The other side of the coin is that using an instance t of T with instanceof is legal, as shown in the following example:

class Example<T> {
	public boolean isTypeAString(T t) {
		return t instanceof String; // No compilation error this time
	}
}

because after the type erasure the class will look like the following:

class Example { // formal parameter is gone
	public boolean isTypeAString(Object t) {
		return t instanceof String; // No compilation error this time
	}
}

Since, even if the type erasure happen anyway, now the JVM can distinguish among different types in memory, even if they use the same reference type (Object), as the following snippet shows:

Object obj1 = new String("foo"); // reference type Object, object type String
Object obj2 = new Integer(11); // reference type Object, object type Integer
System.out.println(obj1 instanceof String); // true
System.out.println(obj2 instanceof String); // false, it's an Integer, not a String

Different ways for implementing a Generic Interface (or extending a Generic Class)

Suppose the following generic interface has been declared

public interface MyGenericInterface<T> {
    public void foo(T t);
}

Below are listed the possible ways to implement it.

Non-generic class implementation with a specific type

Choose a specific type to replace the formal type parameter <T> of MyGenericClass and implement it, as the following example does:

public class NonGenericClass implements MyGenericInterface<String> {
     public void foo(String t) { } // type T has been replaced by String
}

This class only deals with String, and this means that using MyGenericInterface with different parameters (e.g.
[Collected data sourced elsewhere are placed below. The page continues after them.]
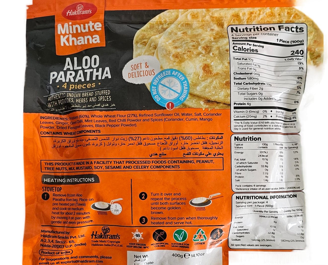 Savor the Indian taste with Haldirams Aloo Paratha, 400 Gm pack.
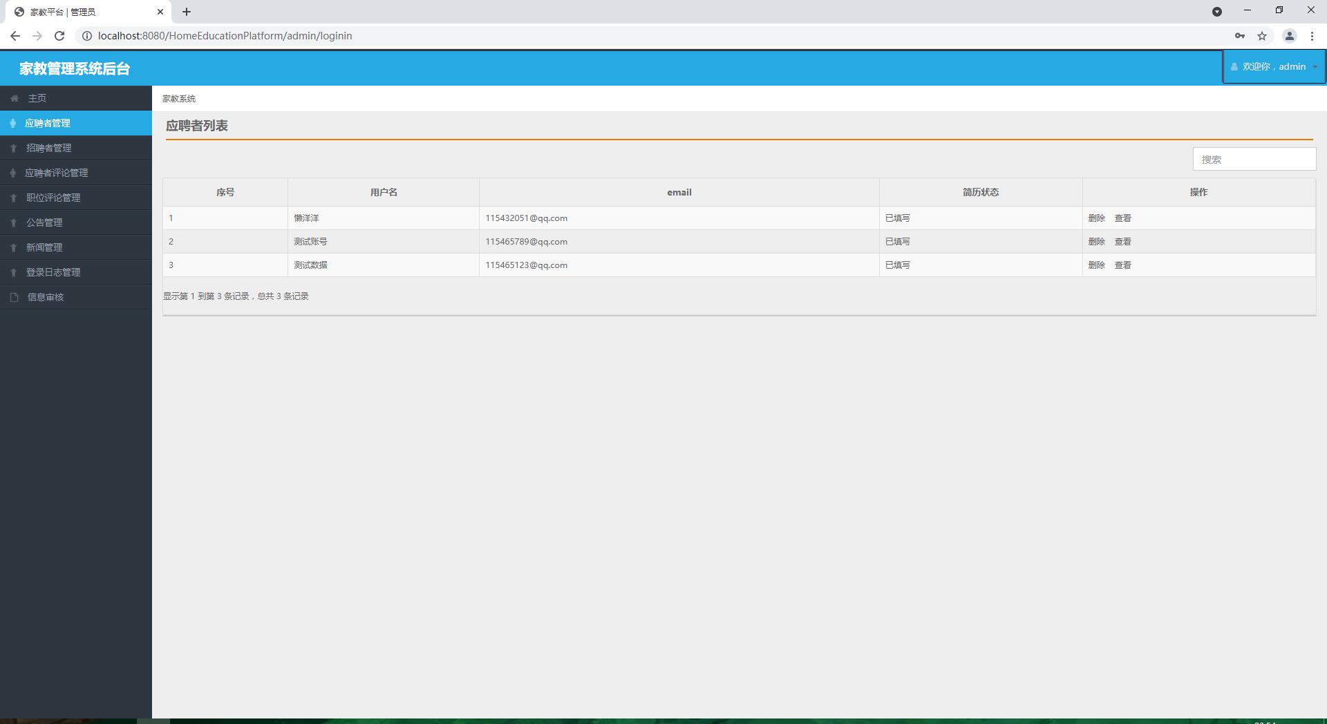 后台功能有:用户管理、学员管理、教师管理、审核管理、公告管理、新闻管理、简历管理等。前台注册分为学员和教师两个角色,学员负责找家教教师、发布需求。教师制作简历供学员选择、联系学员。类似于兼职系统。
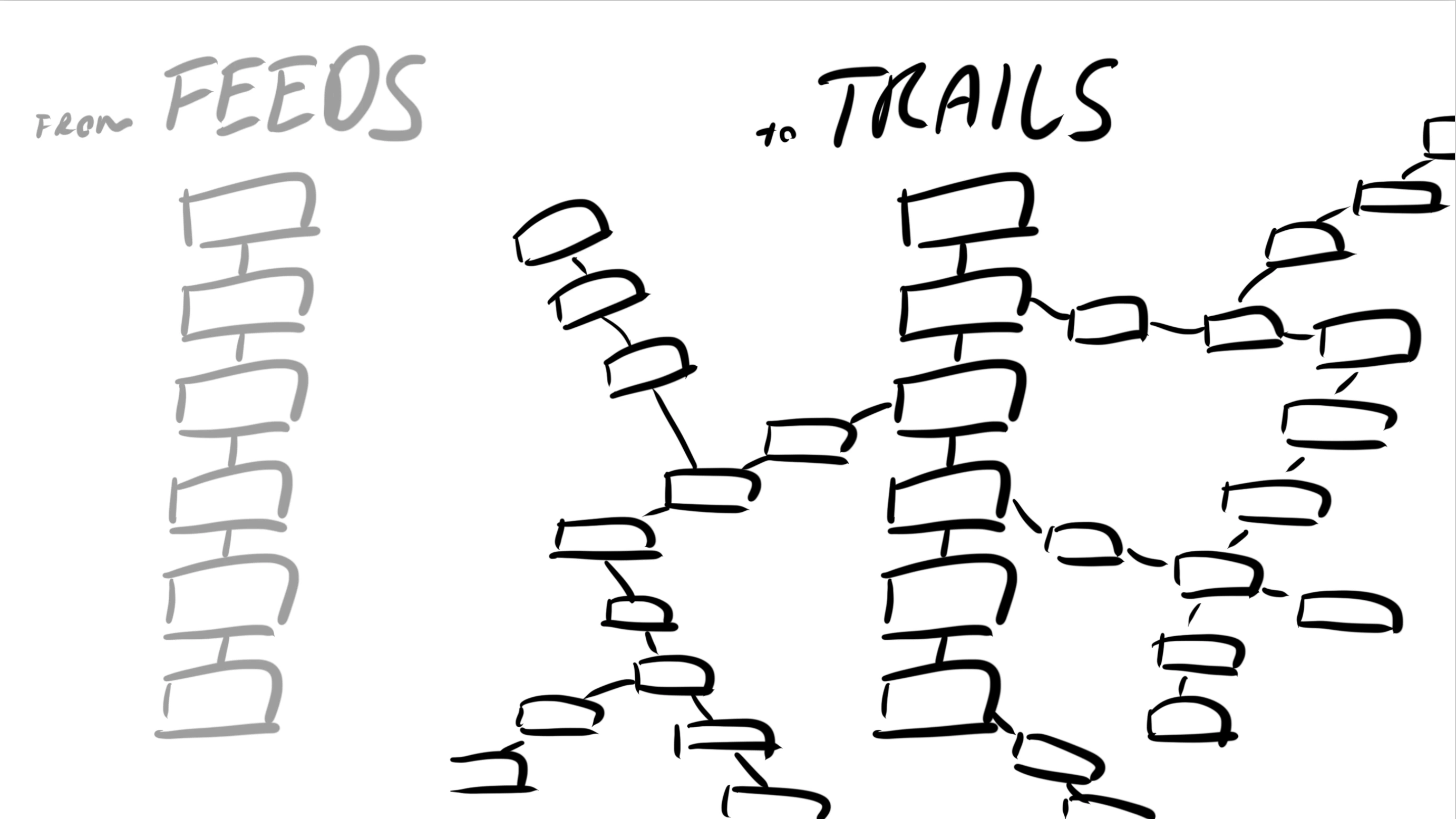 Applied to social media, this vision suggests that rather than give the user only a feed (a single path through the world of information), we should give the user access to a whole network of trails (interconnected paths through the world of information).

Integer, Object etc.) won't compile, as the following snippet shows:

NonGenericClass myClass = new NonGenericClass();
myClass.foo("foo_string"); // OK, legal
myClass.foo(11); // NOT OK, does not compile
myClass.foo(new Object()); // NOT OK, does not compile

Generic class implementation

Declare another generic interface with the formal type parameter <T> which implements MyGenericInterface, as follows:

public class MyGenericSubclass<T> implements MyGenericInterface<T> {
     public void foo(T t) { } // type T is still the same
     // other methods...
}

Note that a different formal type parameter may have been used, as follows:

public class MyGenericSubclass<U> implements MyGenericInterface<U> { // equivalent to the previous declaration
     public void foo(U t) { }
     // other methods...
}

Raw type class implementation

Declare a non-generic class which implements MyGenericInteface as a raw type (not using generic at all), as follows:

public class MyGenericSubclass implements MyGenericInterface {
    public void foo(Object t) { } // type T has been replaced by Object
    // other possible methods
}

This way is not recommended, since it is not 100% safe at runtime because it mixes up raw type (of the subclass) with generics (of the interface) and it is also confusing. Modern Java compilers will raise a warning with this kind of implementation, nevertheless the code - for compatibility reasons with older JVM (1.4 or earlier) - will compile.

All the ways listed above are also allowed when using a generic class as a supertype instead of a generic interface.